Out of this world
In Gravity, Sandra Bullock and George Clooney have the worst day ever in space. It’s hard enough for astronauts to contend with Newton’s laws; these two have to grapple with Murphy’s. Everything that can go wrong does.
Their mission, and the movie, begins routinely enough—if the sight of Earth from orbit (for us, in 3-D) can be called routine. Veteran astronaut Matt Kowalski (Clooney) tootles around the space shuttle as it hangs secured to the Hubble Space Telescope, playing with his jet pack, while specialist Ryan Stone (Bullock) bends earnestly over one of Hubble’s circuit modules, doing whatever it is she came up there for.
Kowalski continues to orbit the orbiting shuttle, listening to country music over his communication lines (until Stone politely asks him to shut it off so she can concentrate) and regaling the shuttle crew and Houston with stories they’ve all heard a hundred times. (The voice of Mission Control is Ed Harris, reprising his similar role in Apollo 13—an impish touch by director Alfonso Cuarón, given that Kowalski and Stone are about to face a crisis that will make Apollo 13’s ordeal look like child’s play.) Oh, by the way, Houston tells Kowalski there’s some space debris flying off from a missile strike by the Russians shooting down one of their own spy satellites—but nothing to worry about, it’s in a lower orbit.
Suddenly, the worry meter flies off the high end. That debris has hit other satellites, then others, causing a chain reaction that sends an avalanche of jagged fragments right their way. Houston orders an immediate abort and return to the shuttle, but the rookie Stone delays just long enough that the debris storm hits them before they can return to the shuttle. Her dallying probably saves her and Kowalski from instant death, as the debris all but demolishes the shuttle and kills every other member of the crew.
When the wreckage passes, Stone and Kowalski are alive and safe, but only for the moment. They’re alone in space, with nobody to talk to: The chain reaction has wiped out the communication satellites linking them to Houston. That orbiting debris will come back around in about 90 minutes, so their only hope is to make their way to the International Space Station—hoping it survived the storm that just hit them—and use one if its emergency pods to return to Earth. But the station is a hundred miles away—and their oxygen and the fuel in Kowalski’s jet pack are both running low.
All this is in the first 10 minutes. What happens next, and for the rest of the picture, is something no decent reviewer should dare to spoil. Not to mince words, Gravity is one of the great white-knuckle thrillers of all time. This is the kind of film that pushes suspense to the breaking point and beyond.
Alfonso and Jonaacute;s Cuarón, father and son, have constructed a script as airtight as the pressure suits their astronauts wear, without a wasted syllable and just enough featherlight touches to keep the tension from becoming entirely unbearable—as when the grisly interior of the wrecked shuttle is leavened, ever so slightly, by the sight of a Marvin the Martian bobblehead floating past our eyes.
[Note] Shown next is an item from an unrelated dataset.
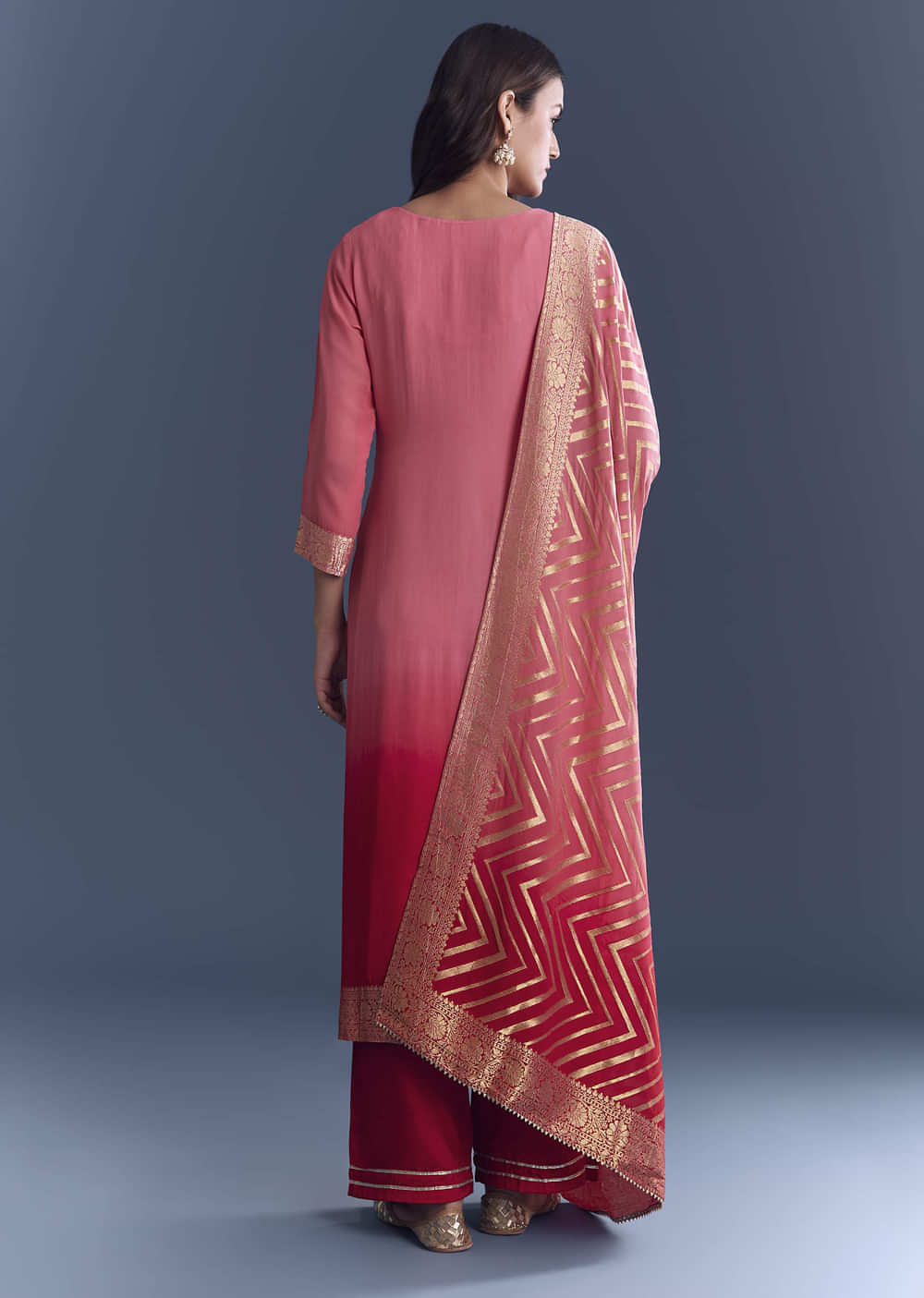 Pink Ombre Georgette Kurta Set With Banarasi Weave

The story is so engrossing that director Alfonso’s virtuosic touches go almost unnoticed, so organic are they to the picture as a whole: the stunning visual effects, the long takes and brilliant camera work (in one amazing shot, the camera glides from space through the faceplate of Stone’s helmet into the suit with her—we hear Sandra Bullock’s natural voice in our ears—then back out into space again).
Bullock’s performance as Stone is Gravity’s centerpiece, and it makes the picture a virtual one-woman show. Like the movie itself, Bullock is brilliant, taking us inch by inch through Stone’s alternating panic, despair, hope and hopelessness in the chaotic struggle to survive. I’m betting that at least one of this season’s Oscar nominations is firmly spoken for.
And maybe others. Will there be a better movie this year? Perhaps. But like what happens to Kowalski and Stone, that’s hard to imagine.